From the above graph we can see that the WCSS initially decreases rapidly but after 5 clusters it decreases very slowly. Hence we can say that 5 is the optimum number of clusters.

# Fitting the Model

In [None]:
#Fitting the model
kmeans=KMeans(n_clusters=5,init='k-means++',random_state=4)
cluster_preds=kmeans.fit_predict(data_scaled)

In [None]:
kmeans.cluster_centers_

In [None]:
kmeans.labels_  # similar to cluster_preds

In [None]:
# Assigning the cluster labes to a new column
data_clean['Cluster_Labels']=pd.Series(cluster_preds,index=data_clean.index)

# Analyzing the clusters

In [None]:
# Create a column for females to count their numbers for every cluster
data_clean['Gender_Female']=np.where(data_clean['Gender_Male']==0,1,0)

In [None]:
pd.pivot_table(data_clean,index=['Cluster_Labels'],values=['Gender_Male','Age','Annual_Income','Spending_Score','Gender_Female']
              ,aggfunc={'Gender_Male':np.sum,  # 
                       'Age':np.mean,
                       'Annual_Income':np.mean,
                       'Age':np.mean,
                       'Spending_Score':np.mean,
                       'Gender_Female':np.sum}
              )


From the above clusters we can make the following conclusions:
1. Cluster 0 is people with average age of 55 having a decent annual income of 52$ comprising  of males spend slightly on a lower side.
2. Cluster 1 is people with an average age of 36 have a very high annual income and almost equal proportion of Males and Females spend very low.
3. Cluster 2 is people with an average age of 24 have lower annual income and more proportion of females than males spend on a higher side.
4. Cluster 3 is people with an average age of 46 have a lower annual income comprising mainly of Males and spend on a lower side.
5. Cluster 4 is people with an average age of 32 and a very high annual income with equal proportion of males and females and spend on higher side

Overall the clusters make sense. We have a group of people having high income but low spending score and a group of people with a low income but a very high spending score. The spending score is also very intuitive of age stating that the younger people tend to spend alightly on a higher side than the older one's.

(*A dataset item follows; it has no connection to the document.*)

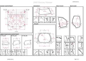 - Геометрические размеры кузова MERCURY Mariner 2007-2011, как проекционные, так и непосредственного измерения, в том числе диагональные размеры проемов кузова и контрольные точки для восстановления геометрии кузова.

# Visualizing the clusters

In [None]:
# Visualizing the clusters
from sklearn.decomposition import PCA
import seaborn as sns
#Perform PCA to reduce the vbariables to 2 variables so as to visualize them on a graph
pca=PCA(n_components=2,random_state=1)
# Pass the scaled data to pCA
pca_data=pd.DataFrame(pca.fit_transform(data_scaled),columns=['PC1','PC2'])
#Assigning the cluster labels to the PCA data
pca_data['cluster']=pd.Series(cluster_preds,index=pca_data.index)
# Visualizing the clusters
plt.figure(figsize=(8,5))
sns.scatterplot(x='PC1',y='PC2',hue='cluster',data=pca_data,palette=('tab10'))
plt.show()

As we can see above the blue green and red clusters are fairly seperated which are clusters 0,2 and 3 respectively. We do have a overlap between the clusters 1 and 4 so we can even consider combining them going further.